Work to be completed - Show each line in the listing below that contains the word "mobile".

Supplied records -
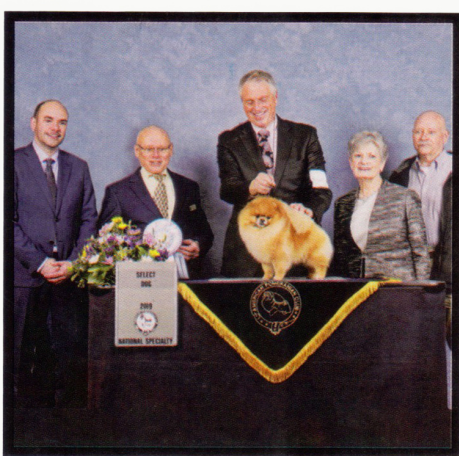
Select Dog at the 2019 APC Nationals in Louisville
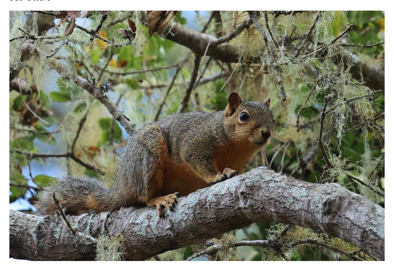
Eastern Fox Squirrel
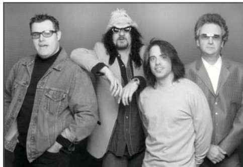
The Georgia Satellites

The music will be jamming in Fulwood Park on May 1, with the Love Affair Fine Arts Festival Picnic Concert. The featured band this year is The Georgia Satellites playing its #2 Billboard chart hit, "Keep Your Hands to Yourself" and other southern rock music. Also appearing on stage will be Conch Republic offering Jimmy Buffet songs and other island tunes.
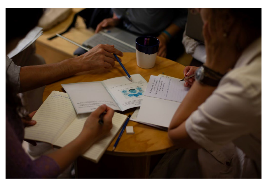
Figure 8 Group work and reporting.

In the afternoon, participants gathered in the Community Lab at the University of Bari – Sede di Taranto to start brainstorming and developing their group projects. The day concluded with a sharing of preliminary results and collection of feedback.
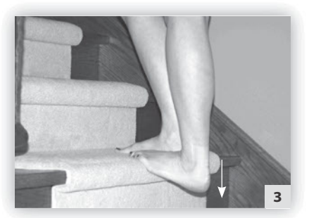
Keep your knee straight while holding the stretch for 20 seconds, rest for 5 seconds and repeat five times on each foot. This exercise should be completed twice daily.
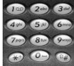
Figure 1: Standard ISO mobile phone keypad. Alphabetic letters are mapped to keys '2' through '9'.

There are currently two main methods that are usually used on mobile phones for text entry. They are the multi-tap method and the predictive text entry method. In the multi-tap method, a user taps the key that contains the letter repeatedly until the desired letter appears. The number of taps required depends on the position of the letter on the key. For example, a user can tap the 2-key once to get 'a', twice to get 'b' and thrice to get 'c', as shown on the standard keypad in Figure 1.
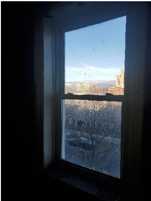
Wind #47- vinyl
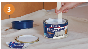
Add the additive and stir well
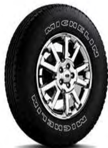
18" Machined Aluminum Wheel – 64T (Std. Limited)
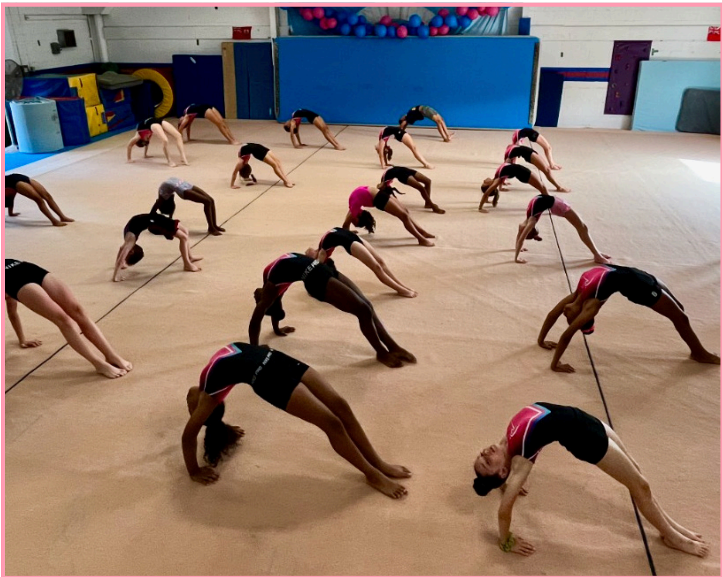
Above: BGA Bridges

Your solution -
Figure 1: Standard ISO mobile phone keypad. Alphabetic letters are mapped to keys '2' through '9'.
There are currently two main methods that are usually used on mobile phones for text entry. They are the multi-tap method and the predictive text entry method. In the multi-tap method, a user taps the key that contains the letter repeatedly until the desired letter appears. The number of taps required depends on the position of the letter on the key. For example, a user can tap the 2-key once to get 'a', twice to get 'b' and thrice to get 'c', as shown on the standard keypad in Figure 1.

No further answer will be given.